6. Starkfield, Massachusetts (Ethan Frome by Edith Wharton)

From my review: “The most striking thing about this book, for me, was the tense, claustrophobic atmosphere Wharton created, making the reader feel locked within Ethan’s miserable world. The town of Starkfield, Massachusetts is as stark as its name suggests; the descriptions of the snow, the ice and the cold all contribute to the heavy feeling of oppression which hangs over the entire book.”

7. Hill House (The Haunting of Hill House by Shirley Jackson)

From my review: “I loved the descriptions of Hill House – it has all the characteristics you would expect a haunted house to have, including a tragic history – but there are very few physical manifestations of ghostly activity. The creepiness of the story comes mainly from the fact that we don’t know how much of the ‘haunting’ is caused by Hill House itself and how much is the product of Eleanor’s disturbed mind.”
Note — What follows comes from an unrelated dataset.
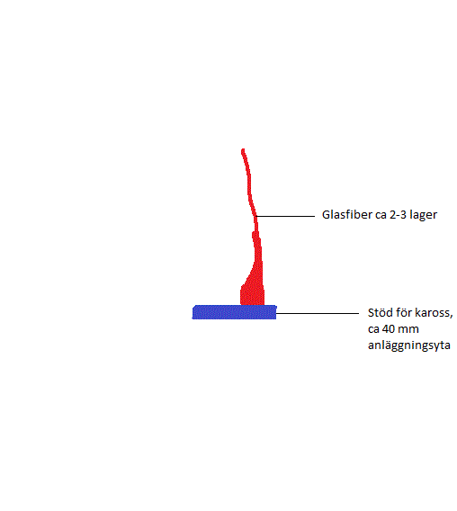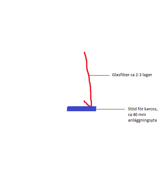 Tanken var att limma alu. förstärkning där karossen bildar ett V då det inte håller i nuvarande utförande. Funderar nu om det kanske är bättre ide att fylla ut V:t och gör större anläggningsyta just där det ligger an mot stödet?

8. Lexham Manor at Christmas (Envious Casca by Georgette Heyer)

From my review: “I have rarely read a novel with so many nasty, rude, unpleasant characters and I couldn’t think of anything worse than being a guest at the Herriards’ party, even without a murder taking place! From the obnoxious, sarcastic Stephen and the haughty butler Sturry to the cantankerous, bad-tempered Nathaniel, they were all so annoying I was surprised only one murder was committed.”

9. Green Town, Illinois at carnival time (Something Wicked This Way Comes by Ray Bradbury)

From my review: “Good versus evil is obviously one of the major themes of the novel. A feeling of malice and danger hangs over the carnival from the moment it arrives and the people connected with it are both strange and sinister – particularly the blind Dust Witch who hovers over the boys’ houses in a hot air balloon in one of the creepiest scenes in the book.”

10. The future (The Time Machine by HG Wells)

From my review: “Remembering when this novel was published, Wells’ vision of a future world has been developed from some of the issues which would have seemed relevant at the end of the 19th century, such as widening class divisions, theories of evolution and Darwinism. It’s a bleak and depressing view of the future – and if that really is what we have to look forward to, then imperfect as our current society may be, I’m very glad to be living in 2016!”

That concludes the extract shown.